Neural networks have revolutionized the engineering of robotic controllers, yielding machines that are more adaptive and efficient. However, the complexity that makes these brain-like systems powerful also introduces challenges in ensuring that robots using them perform tasks safely.

Engineers traditionally rely on Lyapunov functions to verify the safety and stability of controlled systems. If a Lyapunov function’s value decreases consistently, unsafe or unstable states are avoided. However, existing methods for verifying Lyapunov conditions don’t scale well to the complex machines controlled by neural networks.

Researchers from MIT’s Computer Science and Artificial Intelligence Laboratory (CSAIL) and other institutions have developed new techniques to rigorously certify Lyapunov calculations in sophisticated systems. Their algorithm efficiently identifies and verifies a Lyapunov function, providing stability guarantees. This advancement promises safer deployments of robots and autonomous vehicles, including aircraft and spacecraft.

To improve upon previous algorithms, the researchers employed cost-effective counterexamples, such as adversarial sensor data that could disrupt the controller, then optimized the system to manage these scenarios. This strategy helped machines handle challenging situations, extending their safe operational range. Additionally, the team formulated a scalable verification method using the α,β-CROWN neural network verifier to provide rigorous guarantees beyond counterexamples.

“AI-controlled machines like humanoids and robotic dogs have shown impressive empirical performance, but lack formal safety guarantees crucial for critical systems,” says Lujie Yang, MIT electrical engineering and computer science PhD student and CSAIL affiliate. “Our work bridges that performance gap by offering safety guarantees necessary for deploying complex neural network controllers in real-world applications,” adds Yang, co-lead author of the study with Toyota Research Institute researcher Hongkai Dai.

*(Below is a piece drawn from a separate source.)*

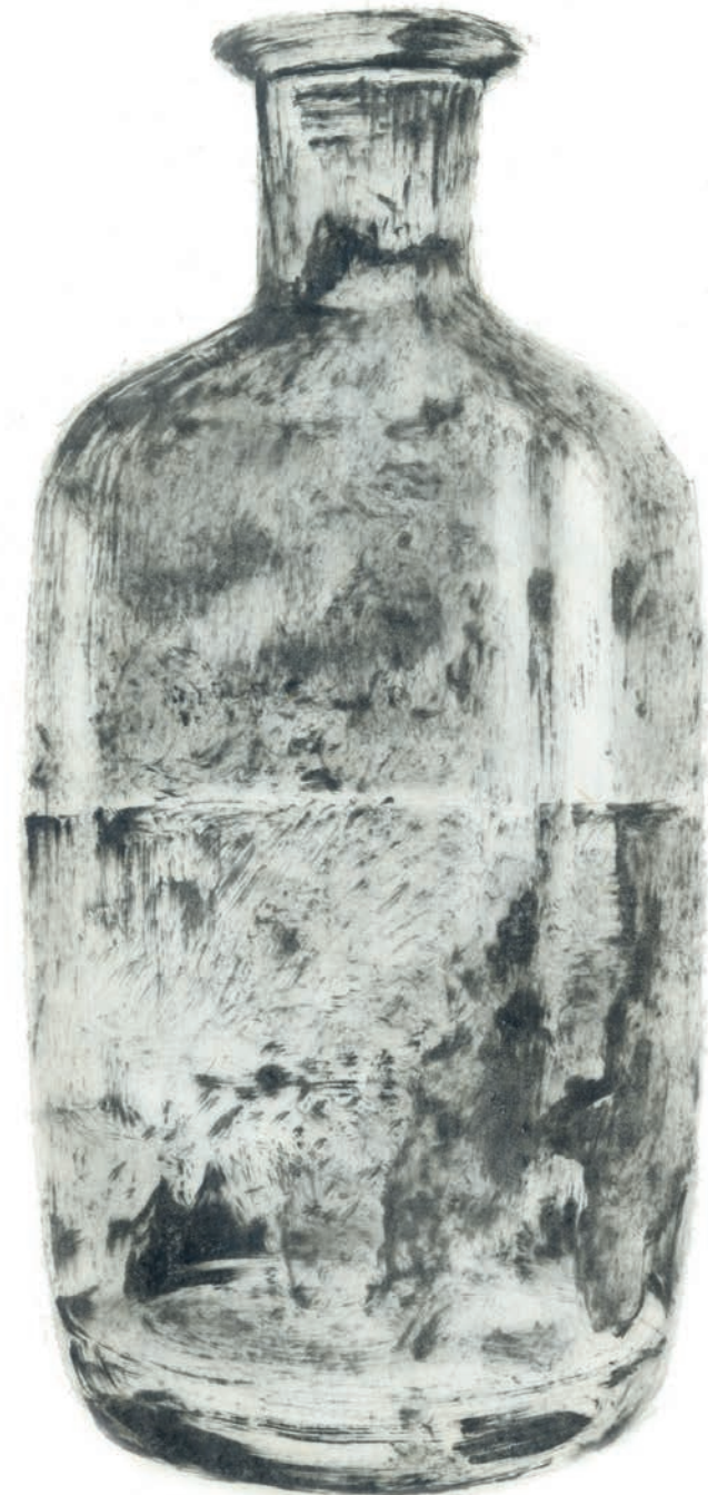
Impression sur papier, 56 x 76 cm, 2024

The team demonstrated their algorithm in simulated scenarios, guiding a quadrotor drone with lidar sensors to a stable hover position using only the limited data from these sensors. Their approach also stabilized two other simulated robotic systems over diverse conditions: an inverted pendulum and a path-tracking vehicle, marking a significant step forward for the neural network verification community.

“The use of neural networks as Lyapunov functions presents tough global optimization challenges that require scalability,” notes Sicun Gao, associate professor at the University of California, San Diego. “This work makes significant contributions by enhancing algorithmic approaches for neural Lyapunov functions in control problems, achieving notable improvements in scalability and solution quality,” says Gao, who was not involved in this research.

The stability approach developed by Yang and her colleagues has wide-ranging safety-critical applications, from autonomous vehicles to drones engaged in delivery or terrain mapping. The general nature of these techniques suggests potential utility in fields like biomedicine and industrial processing.

While their current method is scalable, the researchers aim to enhance performance in higher-dimensional systems and incorporate additional data types, such as images and point clouds.

Future research will focus on providing stability guarantees for systems in uncertain environments or facing disturbances, like a drone encountering a strong gust of wind. The team also seeks to apply their methods to optimization problems, aiming to minimize task completion time and distance while maintaining stability. They plan to extend their technique to real-world machines, such as humanoids, where stability during physical interaction is critical.

Russ Tedrake, Toyota Professor of EECS, Aeronautics and Astronautics, and Mechanical Engineering at MIT, and CSAIL member is a senior author of this research. The paper, which also credits Zhouxing Shi, Cho-Jui Hsieh, and Huan Zhang, is supported by Amazon, the National Science Foundation, the Office of Naval Research, and Schmidt Sciences’ AI2050 program. The researchers will present their findings at the 2024 International Conference on Machine Learning.